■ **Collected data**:

--- START ---

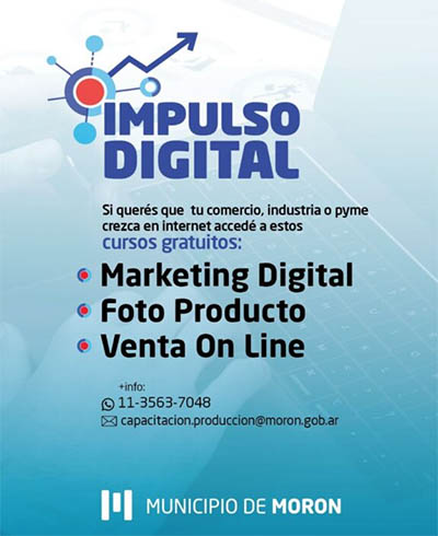 El Municipio de Morón abrió las inscripciones para una nueva edición del programa Impulso Digital, una propuesta de formación gratuita orientada a comerciantes, emprendedores, PYMES e industrias locales. El curso comenzará el miércoles 7 de mayo, con clases presenciales en Castelar.
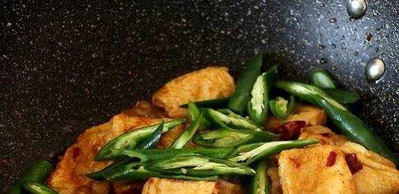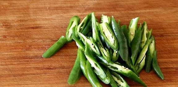 最后倒入切好的青尖椒,炒至青尖椒断生就可以了。
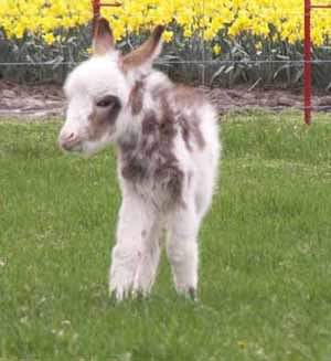 Miniature Donkey Information Miniature donkeys are native to the Mediterranean islands of Sicily and Sardinia. There are over 40,000 registered miniature donkeys in the United States with importations no longer allowed. As you can see by the small numbers, the breed is still needing to be preserved and cultivated. The miniature donkey is a true breed and is not bred down. The miniature donkey must be under 36" or less at the shoulder. The average height for them is 34", and the smaller they are the more valuable they become. Miniature donkeys have very long life-spans living to 25-35 years of age. The most common color for the miniature donkey is a gray dun with a black "cross" running over their shoulder and down their back. Donkeys do come in colors other than gray such as spotted, brown, black, sorrel. Black and red, however, are very uncommon colors and highly prized in breeding programs. Miniature Donkeys eat one to two flakes of good quality Coastal hay per day. Grains are not often needed by donkeys except for weanlings, pregnant, or nursing jennets A trace mineral supplement should be made available to your donkey at all times. Donkeys love treats such as breads, carrots, and apples. Historically, donkeys are used to sparse food supplies and should not be overfed. Your donkey should have good, clean water 24 hours a day. Donkeys need a three sided loafing shed for protection against the cold north winds of winter and the hot sun of summer. A single miniature donkey needs 1/2 to 1 acre of pasture. Miniature donkeys generally get along with goats, sheep, horses, llamas. Miniature donkeys are one of the most affectionate and friendly animals of their kind. Miniature donkeys are tame, gentle, loyal, playful, and affectionate...the perfect pet. Miniature donkeys are very social animals who like to give and receive a great deal of attention. Miniature donkeys need annual vaccinations for Eastern and Western Encephalomyelitis, Tetanus, Rhinopneumonitis, Strangles, and influenza & the West Nile Vacc. If it is the first time the donkey is receiving the vacc. they will need a booster 3 weeks after the first and then annually there after. Hoof Care should be performed every eight to ten weeks depending, of course, on how rapidly your donkeys hooves grow. Terrain and diet are big factors in hoof growth. Worming should be done every 2 to 3 months. "Jack" is a male donkey that has not been castrated. "Jennet", or "Jenny" as some people say, is a female donkey. "Foal" is a young donkey from birth to the time that they are weaned from their mothers "Weanling" is a young donkey who has been separated, or weaned, from its mother. "Gelding" is a male donkey that has been castrated so that it cannot reproduce. The gestation period of the miniature donkey is 11 to 13 months. The foal averages between 20 to 30 pounds at birth. Foals are up nursing within 30 minutes of birth. Foals are normally weaned between 4 and 6 months. Jennets SHOULD NOT be bred until at least 3years of age. Miniature donkeys are not fully grown until 3 years of age. Everyone who meets a miniature donkey wants one of their own!
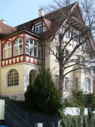 Die Mülbergerstraße war einmal Esslingens erste Adresse. Vom Altstadtkern führt sie, von der Ebershaldenstraße ausgehend, seit den letzten Tagen des 19. Jahrhunderts in den Südhang hinein, um auf halber Höhe eine Kehrtwende zu vollziehen und oberhalb der „Burg“ wieder herauszukommen. Die Villen und Mehrfamilienhäuser, die hier zwischen 1896 und 1926 entstanden, stehen überwiegend unter Denkmalschutz: 16 an der Zahl, die älteren Häuser auf der Talebene nicht mitgerechnet. Bekanntester Architekt und Bauherr sind Paul Bonatz und der Fabrikant Paul Eberspächer, doch bei dem 1925/26 errichteten Bau handelt es sich um einen ein Nachzügler. Die meisten entstanden zu Beginn des 20. Jahrhunderts, als der Straßenzug angelegt wurde: mit der Katharinenstaffel als Querverbindung und einer Grünanlage mit dem Lenaudenkmal in der Kehre.
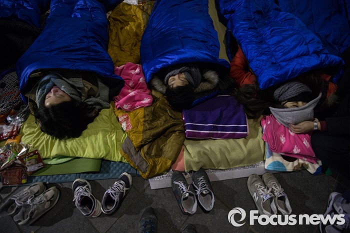 (서울=포커스뉴스) 세계 최장기 집회, 24주년 수요집회가 열리는6일 오전 서울 종로구 위안부 소녀상 앞 기온은 영하 4도, 강추위에 소녀상 이전을 반대하는 대학생들이 길바닥에서 잠을 자고 있다.
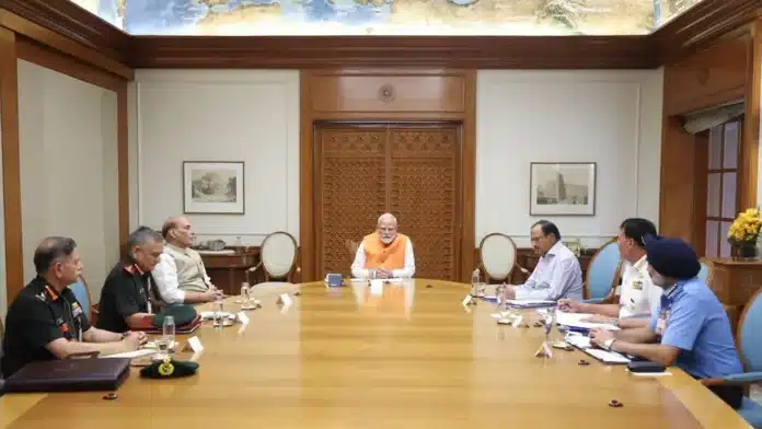 প্রতিবেদন অনুযায়ী, ‘প্রধানমন্ত্রী মোদি উচ্চপর্যায়ের এক জরুরি বৈঠকে এ ঘোষণা দেন। বৈঠকে উপস্থিত ছিলেন প্রতিরক্ষা মন্ত্রী রাজনাথ সিং, জাতীয় নিরাপত্তা উপদেষ্টা অজিত ডোভাল এবং প্রতিরক্ষা প্রধান জেনারেল অনিল চৌহান।’

--- END ---

■ **PROBLEM DESCRIPTION**:
The result should be every line of the data, reproduced exactly, with the images removed.

■ **SOLUTION BELOW**:
 El Municipio de Morón abrió las inscripciones para una nueva edición del programa Impulso Digital, una propuesta de formación gratuita orientada a comerciantes, emprendedores, PYMES e industrias locales. El curso comenzará el miércoles 7 de mayo, con clases presenciales en Castelar.
 最后倒入切好的青尖椒,炒至青尖椒断生就可以了。
 Miniature Donkey Information Miniature donkeys are native to the Mediterranean islands of Sicily and Sardinia. There are over 40,000 registered miniature donkeys in the United States with importations no longer allowed. As you can see by the small numbers, the breed is still needing to be preserved and cultivated. The miniature donkey is a true breed and is not bred down. The miniature donkey must be under 36" or less at the shoulder. The average height for them is 34", and the smaller they are the more valuable they become. Miniature donkeys have very long life-spans living to 25-35 years of age. The most common color for the miniature donkey is a gray dun with a black "cross" running over their shoulder and down their back. Donkeys do come in colors other than gray such as spotted, brown, black, sorrel. Black and red, however, are very uncommon colors and highly prized in breeding programs. Miniature Donkeys eat one to two flakes of good quality Coastal hay per day. Grains are not often needed by donkeys except for weanlings, pregnant, or nursing jennets A trace mineral supplement should be made available to your donkey at all times. Donkeys love treats such as breads, carrots, and apples. Historically, donkeys are used to sparse food supplies and should not be overfed. Your donkey should have good, clean water 24 hours a day. Donkeys need a three sided loafing shed for protection against the cold north winds of winter and the hot sun of summer. A single miniature donkey needs 1/2 to 1 acre of pasture. Miniature donkeys generally get along with goats, sheep, horses, llamas. Miniature donkeys are one of the most affectionate and friendly animals of their kind. Miniature donkeys are tame, gentle, loyal, playful, and affectionate...the perfect pet. Miniature donkeys are very social animals who like to give and receive a great deal of attention. Miniature donkeys need annual vaccinations for Eastern and Western Encephalomyelitis, Tetanus, Rhinopneumonitis, Strangles, and influenza & the West Nile Vacc. If it is the first time the donkey is receiving the vacc. they will need a booster 3 weeks after the first and then annually there after. Hoof Care should be performed every eight to ten weeks depending, of course, on how rapidly your donkeys hooves grow. Terrain and diet are big factors in hoof growth. Worming should be done every 2 to 3 months. "Jack" is a male donkey that has not been castrated. "Jennet", or "Jenny" as some people say, is a female donkey. "Foal" is a young donkey from birth to the time that they are weaned from their mothers "Weanling" is a young donkey who has been separated, or weaned, from its mother. "Gelding" is a male donkey that has been castrated so that it cannot reproduce. The gestation period of the miniature donkey is 11 to 13 months. The foal averages between 20 to 30 pounds at birth. Foals are up nursing within 30 minutes of birth. Foals are normally weaned between 4 and 6 months. Jennets SHOULD NOT be bred until at least 3years of age. Miniature donkeys are not fully grown until 3 years of age. Everyone who meets a miniature donkey wants one of their own!
 Die Mülbergerstraße war einmal Esslingens erste Adresse. Vom Altstadtkern führt sie, von der Ebershaldenstraße ausgehend, seit den letzten Tagen des 19. Jahrhunderts in den Südhang hinein, um auf halber Höhe eine Kehrtwende zu vollziehen und oberhalb der „Burg“ wieder herauszukommen. Die Villen und Mehrfamilienhäuser, die hier zwischen 1896 und 1926 entstanden, stehen überwiegend unter Denkmalschutz: 16 an der Zahl, die älteren Häuser auf der Talebene nicht mitgerechnet. Bekanntester Architekt und Bauherr sind Paul Bonatz und der Fabrikant Paul Eberspächer, doch bei dem 1925/26 errichteten Bau handelt es sich um einen ein Nachzügler. Die meisten entstanden zu Beginn des 20. Jahrhunderts, als der Straßenzug angelegt wurde: mit der Katharinenstaffel als Querverbindung und einer Grünanlage mit dem Lenaudenkmal in der Kehre.
 (서울=포커스뉴스) 세계 최장기 집회, 24주년 수요집회가 열리는6일 오전 서울 종로구 위안부 소녀상 앞 기온은 영하 4도, 강추위에 소녀상 이전을 반대하는 대학생들이 길바닥에서 잠을 자고 있다.
 প্রতিবেদন অনুযায়ী, ‘প্রধানমন্ত্রী মোদি উচ্চপর্যায়ের এক জরুরি বৈঠকে এ ঘোষণা দেন। বৈঠকে উপস্থিত ছিলেন প্রতিরক্ষা মন্ত্রী রাজনাথ সিং, জাতীয় নিরাপত্তা উপদেষ্টা অজিত ডোভাল এবং প্রতিরক্ষা প্রধান জেনারেল অনিল চৌহান।’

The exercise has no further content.